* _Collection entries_
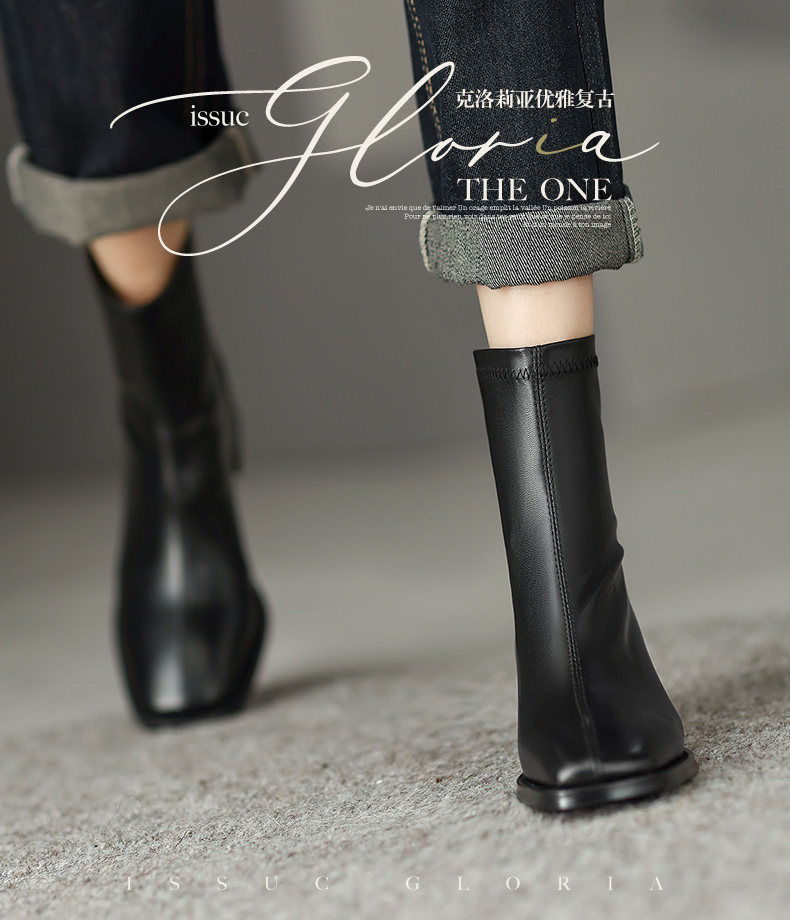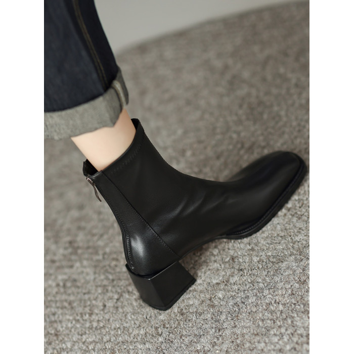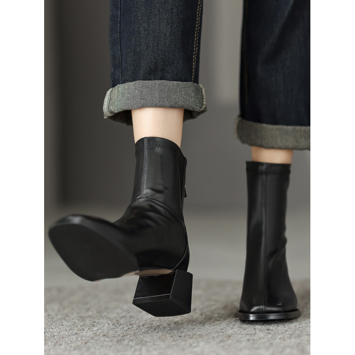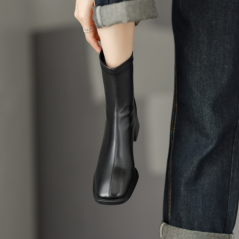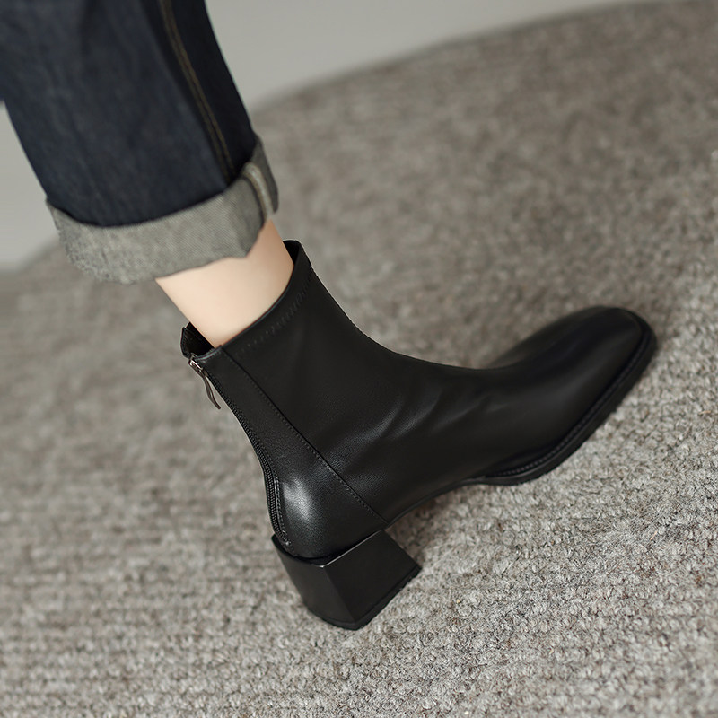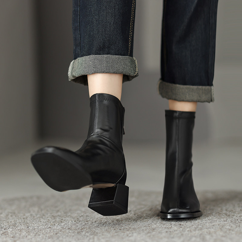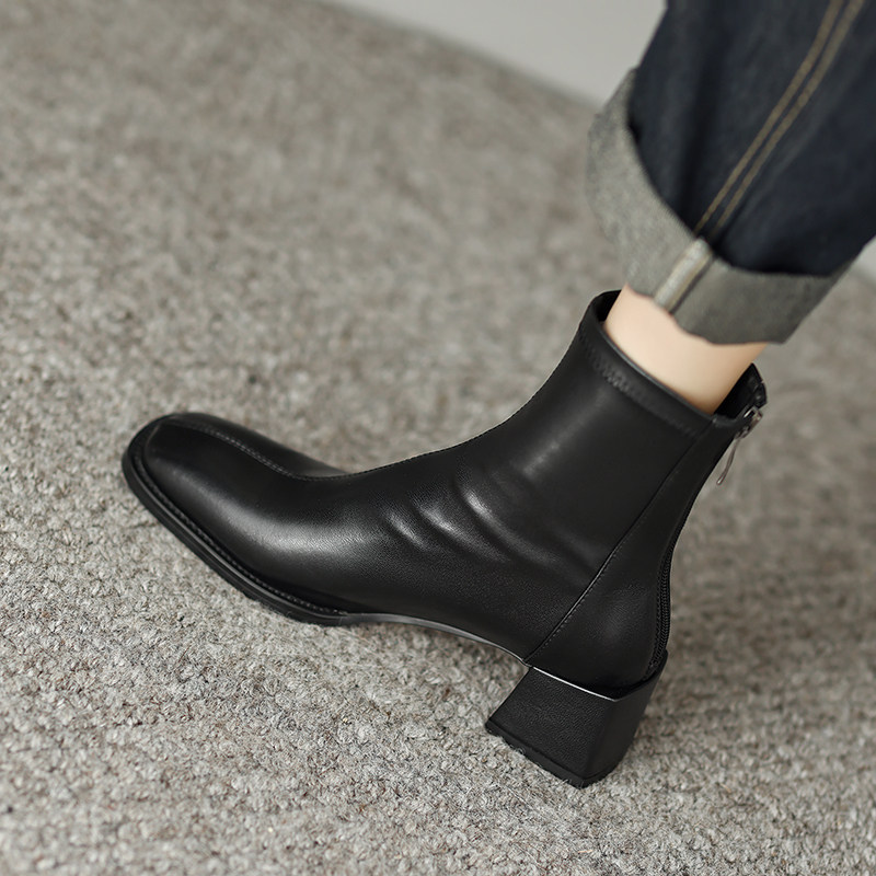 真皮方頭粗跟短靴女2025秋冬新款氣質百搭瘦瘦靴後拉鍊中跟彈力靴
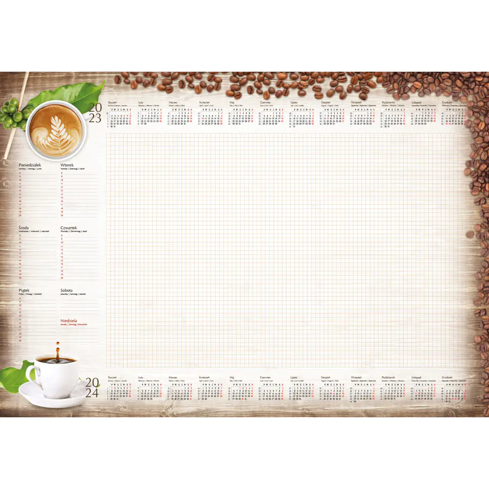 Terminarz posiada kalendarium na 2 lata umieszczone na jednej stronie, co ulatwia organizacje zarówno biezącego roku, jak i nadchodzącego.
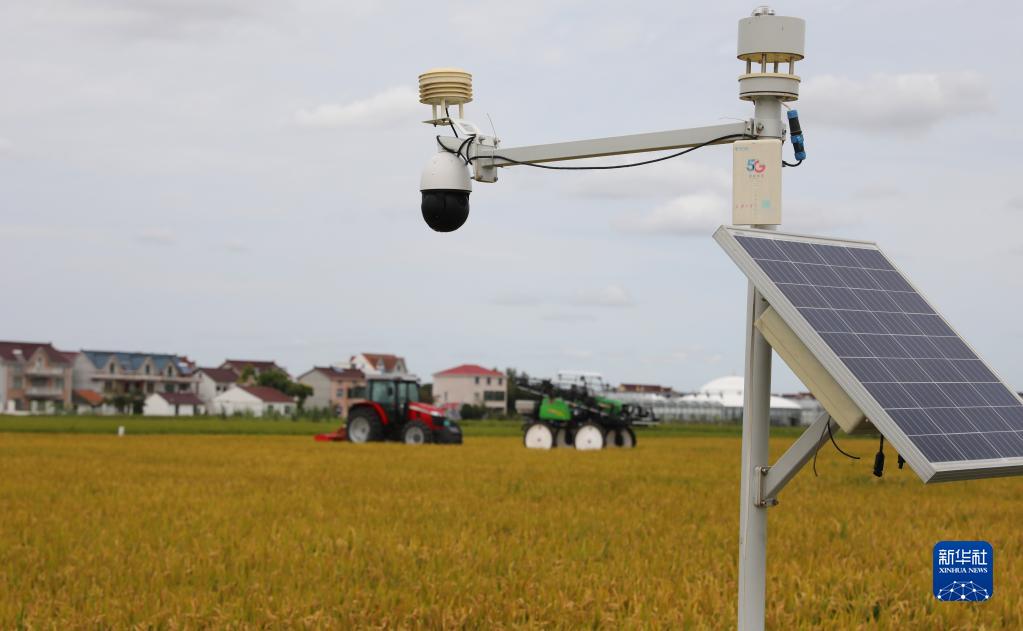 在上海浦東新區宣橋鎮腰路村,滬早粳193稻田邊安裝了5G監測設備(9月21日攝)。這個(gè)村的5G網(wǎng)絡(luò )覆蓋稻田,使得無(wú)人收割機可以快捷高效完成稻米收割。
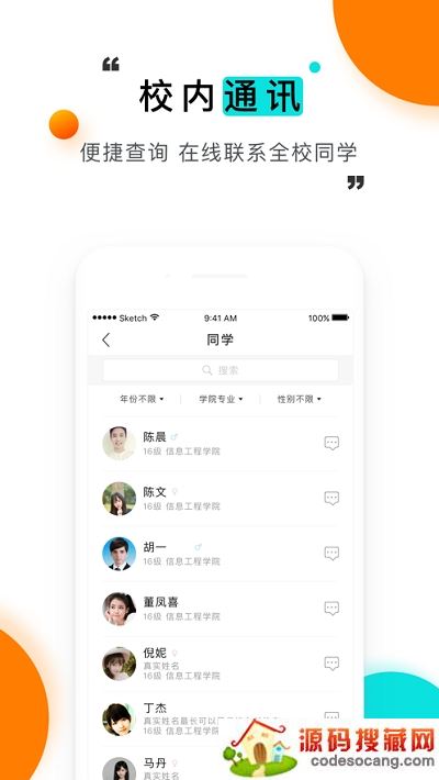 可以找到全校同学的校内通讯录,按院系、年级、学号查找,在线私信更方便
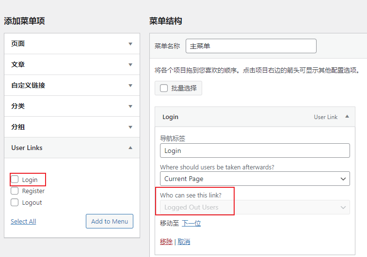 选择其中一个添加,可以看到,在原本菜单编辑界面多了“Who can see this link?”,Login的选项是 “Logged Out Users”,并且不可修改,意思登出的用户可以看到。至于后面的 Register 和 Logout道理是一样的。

---

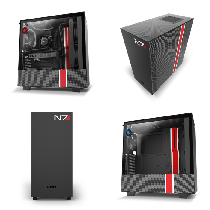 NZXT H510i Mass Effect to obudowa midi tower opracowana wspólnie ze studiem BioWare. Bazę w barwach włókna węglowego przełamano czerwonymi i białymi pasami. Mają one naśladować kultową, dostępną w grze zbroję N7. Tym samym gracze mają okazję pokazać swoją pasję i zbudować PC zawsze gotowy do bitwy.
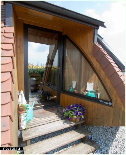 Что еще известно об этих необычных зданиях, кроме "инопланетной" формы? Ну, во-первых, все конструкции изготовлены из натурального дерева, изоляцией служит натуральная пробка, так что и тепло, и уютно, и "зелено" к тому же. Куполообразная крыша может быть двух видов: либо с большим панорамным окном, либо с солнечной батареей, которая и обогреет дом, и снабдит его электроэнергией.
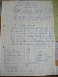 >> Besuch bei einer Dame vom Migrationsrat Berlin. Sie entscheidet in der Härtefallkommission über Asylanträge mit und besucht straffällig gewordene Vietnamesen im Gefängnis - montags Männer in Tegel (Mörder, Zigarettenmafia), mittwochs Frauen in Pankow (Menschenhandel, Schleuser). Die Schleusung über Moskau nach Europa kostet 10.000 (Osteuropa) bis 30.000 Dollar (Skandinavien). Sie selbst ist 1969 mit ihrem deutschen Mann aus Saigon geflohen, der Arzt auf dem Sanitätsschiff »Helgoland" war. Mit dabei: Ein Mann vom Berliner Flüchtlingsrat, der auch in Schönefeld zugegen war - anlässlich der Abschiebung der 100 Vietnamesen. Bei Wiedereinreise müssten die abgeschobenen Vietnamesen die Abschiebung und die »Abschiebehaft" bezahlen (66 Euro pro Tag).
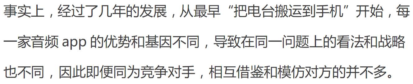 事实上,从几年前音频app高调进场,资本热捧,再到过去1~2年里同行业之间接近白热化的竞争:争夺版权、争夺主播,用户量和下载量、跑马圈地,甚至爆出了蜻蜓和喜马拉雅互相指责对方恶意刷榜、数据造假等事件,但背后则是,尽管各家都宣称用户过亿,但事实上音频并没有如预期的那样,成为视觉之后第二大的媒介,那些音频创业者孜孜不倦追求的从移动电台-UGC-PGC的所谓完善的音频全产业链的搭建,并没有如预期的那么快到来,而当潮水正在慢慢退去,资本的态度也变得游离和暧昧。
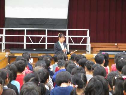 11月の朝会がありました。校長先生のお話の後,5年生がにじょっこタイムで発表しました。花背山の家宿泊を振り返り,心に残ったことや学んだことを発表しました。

* _ASSIGNMENT_
Only the lines above starting with the line with "可以找到全校同学的校内通讯录,按院系、年级、学号查找,在线私信更方便" and going on through the line with "Register 和 Logout道理是一样的。" belong in the answer; repeat them exactly, minus any picture.

* _OUTPUT OF THE EXERCISE_
 可以找到全校同学的校内通讯录,按院系、年级、学号查找,在线私信更方便
 选择其中一个添加,可以看到,在原本菜单编辑界面多了“Who can see this link?”,Login的选项是 “Logged Out Users”,并且不可修改,意思登出的用户可以看到。至于后面的 Register 和 Logout道理是一样的。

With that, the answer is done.